I clicked on the link to discover that, in fact, New Orleans was being held up as the most walkable city in the country – the fourth most walkable in the world! And I laughed out loud.
I am a proud Crescent City partisan. I’m ever ready to make the case for my city’s importance and exceptionalism and have been known to recite to visitors and newcomers the Tennessee Williams quote all longtime New Orleanians know by heart: “America has only three cities: New York, San Francisco and New Orleans…”
New Orleans looks, sounds, tastes and feels unlike anyplace else in this country, if not the planet. But if you come here expecting to find the “most walkable” city, you are likely to be about as surprised as you would if you came expecting to find the “most efficient” or “least humid” or “most teetotaling.”
Naming New Orleans “most walkable” is a testament, perhaps, to just how bad off the American landscape is for walkability, though I could easily tick off a handful of places better-suited to the mantle (including, as it so happens, New York and San Francisco.)
It’s true that New Orleans is more walkable than your average American city. It is old, founded in 1718, around a century before the advent of the Model T, and we benefit from a transportation network and footprint that were largely established before the arrival of the car. There are many neighborhoods in which it is possible to walk to get places, and in some parts of town, those walks can be quite pleasant. We are also a poor city with a rate of car ownership that is below the national average, leaving many no choice but to get around by foot, bike or transit.
Even so, I’m sorry to say that we have turned our city over to cars about as much as any other, as an unsuspecting tourist from Seattle or Portland will discover upon attempting to cross the street; as the City Council made clear a few years ago when its French Quarter representative successfully argued for the removal – at significant expense – of a protected bike lane in another part of his district; and as we see year after year in a pedestrian fatality rate that stands among the highest in the nation.
A few weeks ago, the newly-minted police chief, a woman whom I have met and respect, made headlines for striking two pedestrians with her police car in the French Quarter.
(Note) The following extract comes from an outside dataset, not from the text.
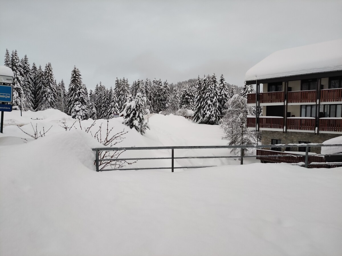 Cozy studio in quiet residence. - Mountain Corner (bunk beds) - Separate toilet (suspended storage cabinet) - Bathroom with bathtub + shower column - Living room: Dining area (folding table + chairs + storage bench) Kitchen area (induction stove, extractor hood, microwave oven, toaster, kettle, Nespresso coffee machine...) A sofa bed for 2 people (140/190) Storage furniture - Balcony (table + chairs) Wifi availability - 1 closed garage box + 1 ski locker - Outdoor parking

The news coverage focused on the fact that she passed a breathalyzer test conducted per protocol and that the pedestrians were apparently going to be ok. I expected that the incident might spark new calls for restrictions on driving through the Vieux Carre – the oldest and most-visited neighborhood in the city and one built quite literally for walking – something the mayor unsuccessfully lobbied for a few years back.
Instead, the comments posted on social media spoke to our auto myopia.
“Pedestrians treat the French Quarter like it’s some kind of pedestrian mall,” read a representative one.
Part of me wishes that Travel + Leisure had declared my tourism-dependent city the worst for pedestrians. Maybe that would have gotten policy makers’ attention.